During my internship at Synapxe, I worked on several AI/ML and data engineering projects in the healthcare domain, involving unauthorised data access detection, Retrieval-Augmented Generation, data loss prevention, and feature engineering optimisation. Most of my work involved building Python-based tools, testing different machine learning or NLP approaches, and improving existing systems so that they are faster, easier to use, and more reliable.
One of my main projects was an unauthorised data access detection tool, which classifies authorised and unauthorised access to patients' records. The records were flagged based on access time, login user role, and free-text explanations given by users. Since the explanation field was unstructured text, I explored NLP approaches such as spaCy, sentence-transformers, cosine similarity, K-Nearest Neighbours, Centroids, Support Vector Machines, Logistic Regression, Random Forest, and Naive Bayes to classify whether an explanation was acceptable or unacceptable.
I also worked on deploying LightRAG on Azure App Service. LightRAG is a graph-based Retrieval-Augmented Generation framework that extracts entities and relations across document chunks, allowing it to answer relation-centric queries more effectively. During the deployment, I had to debug Azure App Service issues, resolve wheelhouse dependency problems, understand startup commands, and work with Azure development tools such as Bash and SSH to inspect deployed files directly.
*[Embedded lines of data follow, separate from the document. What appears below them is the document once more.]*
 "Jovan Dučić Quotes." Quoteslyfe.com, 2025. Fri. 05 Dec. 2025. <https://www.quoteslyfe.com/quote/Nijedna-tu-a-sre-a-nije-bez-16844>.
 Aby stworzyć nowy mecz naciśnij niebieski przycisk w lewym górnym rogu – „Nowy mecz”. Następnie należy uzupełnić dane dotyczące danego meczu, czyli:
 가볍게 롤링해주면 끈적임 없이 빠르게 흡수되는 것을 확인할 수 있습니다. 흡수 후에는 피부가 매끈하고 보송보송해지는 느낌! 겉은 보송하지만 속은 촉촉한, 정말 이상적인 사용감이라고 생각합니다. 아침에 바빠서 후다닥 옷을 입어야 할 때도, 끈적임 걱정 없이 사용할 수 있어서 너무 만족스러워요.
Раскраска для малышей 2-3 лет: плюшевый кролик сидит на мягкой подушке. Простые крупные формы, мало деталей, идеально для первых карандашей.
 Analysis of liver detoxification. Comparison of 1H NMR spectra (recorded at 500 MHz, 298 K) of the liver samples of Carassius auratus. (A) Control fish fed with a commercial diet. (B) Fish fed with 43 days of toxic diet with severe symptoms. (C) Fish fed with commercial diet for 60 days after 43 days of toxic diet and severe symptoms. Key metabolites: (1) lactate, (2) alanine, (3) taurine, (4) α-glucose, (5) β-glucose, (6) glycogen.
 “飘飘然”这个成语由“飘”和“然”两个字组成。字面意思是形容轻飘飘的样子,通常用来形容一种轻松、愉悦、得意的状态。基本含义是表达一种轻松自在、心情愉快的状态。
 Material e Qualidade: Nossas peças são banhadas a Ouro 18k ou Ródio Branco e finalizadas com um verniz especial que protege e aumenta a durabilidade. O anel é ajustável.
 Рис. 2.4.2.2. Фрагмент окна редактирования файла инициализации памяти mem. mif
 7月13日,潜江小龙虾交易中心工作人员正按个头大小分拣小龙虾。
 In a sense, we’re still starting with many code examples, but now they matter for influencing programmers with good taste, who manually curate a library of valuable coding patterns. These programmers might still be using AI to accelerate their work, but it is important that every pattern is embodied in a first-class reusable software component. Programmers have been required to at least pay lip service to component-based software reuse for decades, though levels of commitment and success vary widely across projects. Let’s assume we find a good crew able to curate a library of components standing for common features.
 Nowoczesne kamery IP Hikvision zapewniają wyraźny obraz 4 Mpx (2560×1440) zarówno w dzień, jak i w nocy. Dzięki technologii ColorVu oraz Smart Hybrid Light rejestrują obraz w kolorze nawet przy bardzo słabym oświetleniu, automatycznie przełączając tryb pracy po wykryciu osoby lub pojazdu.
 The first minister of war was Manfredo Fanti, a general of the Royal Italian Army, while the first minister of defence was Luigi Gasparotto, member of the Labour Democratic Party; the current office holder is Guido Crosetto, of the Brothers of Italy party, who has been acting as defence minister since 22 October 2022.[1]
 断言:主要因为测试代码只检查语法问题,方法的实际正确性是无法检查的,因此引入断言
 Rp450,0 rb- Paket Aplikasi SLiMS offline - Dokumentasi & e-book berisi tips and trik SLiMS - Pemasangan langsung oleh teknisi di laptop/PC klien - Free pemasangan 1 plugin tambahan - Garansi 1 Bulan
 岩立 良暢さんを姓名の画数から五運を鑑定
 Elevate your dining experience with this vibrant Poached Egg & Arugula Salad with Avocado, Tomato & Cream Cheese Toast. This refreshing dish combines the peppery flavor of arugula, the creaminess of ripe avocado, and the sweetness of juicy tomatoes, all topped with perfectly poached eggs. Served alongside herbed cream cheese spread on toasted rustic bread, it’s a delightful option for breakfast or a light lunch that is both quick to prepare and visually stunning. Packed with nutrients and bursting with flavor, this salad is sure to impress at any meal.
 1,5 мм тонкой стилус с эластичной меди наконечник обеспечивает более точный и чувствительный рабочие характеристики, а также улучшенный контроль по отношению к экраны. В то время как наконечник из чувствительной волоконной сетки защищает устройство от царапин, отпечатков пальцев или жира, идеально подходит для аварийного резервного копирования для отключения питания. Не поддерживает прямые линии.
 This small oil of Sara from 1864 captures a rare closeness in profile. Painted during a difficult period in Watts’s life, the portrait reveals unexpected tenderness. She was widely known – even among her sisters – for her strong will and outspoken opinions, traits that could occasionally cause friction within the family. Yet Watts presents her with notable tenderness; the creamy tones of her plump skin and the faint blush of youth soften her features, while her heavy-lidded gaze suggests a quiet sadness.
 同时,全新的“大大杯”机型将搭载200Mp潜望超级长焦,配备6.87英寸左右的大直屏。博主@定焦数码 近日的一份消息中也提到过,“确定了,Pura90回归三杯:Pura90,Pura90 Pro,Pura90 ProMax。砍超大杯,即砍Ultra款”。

For the AI2D project, I helped optimise the feature building pipeline by migrating parts of the codebase from Pandas to Polars. I first studied the existing code flow, created flowcharts to understand the dependencies between files, then incrementally converted functions from the leaf nodes upwards. This reduced feature loading time from around 282 seconds to 22 seconds on a desktop, and from around 443 seconds to 78 seconds on a laptop.
I also explored data loss prevention use cases using local LLMs through Ollama. I built a basic prototype that extracts personally identifiable information from strings, then improved the reliability of extraction through prompt engineering, such as tailoring instructions to Singapore-specific formats for phone numbers and other sensitive information.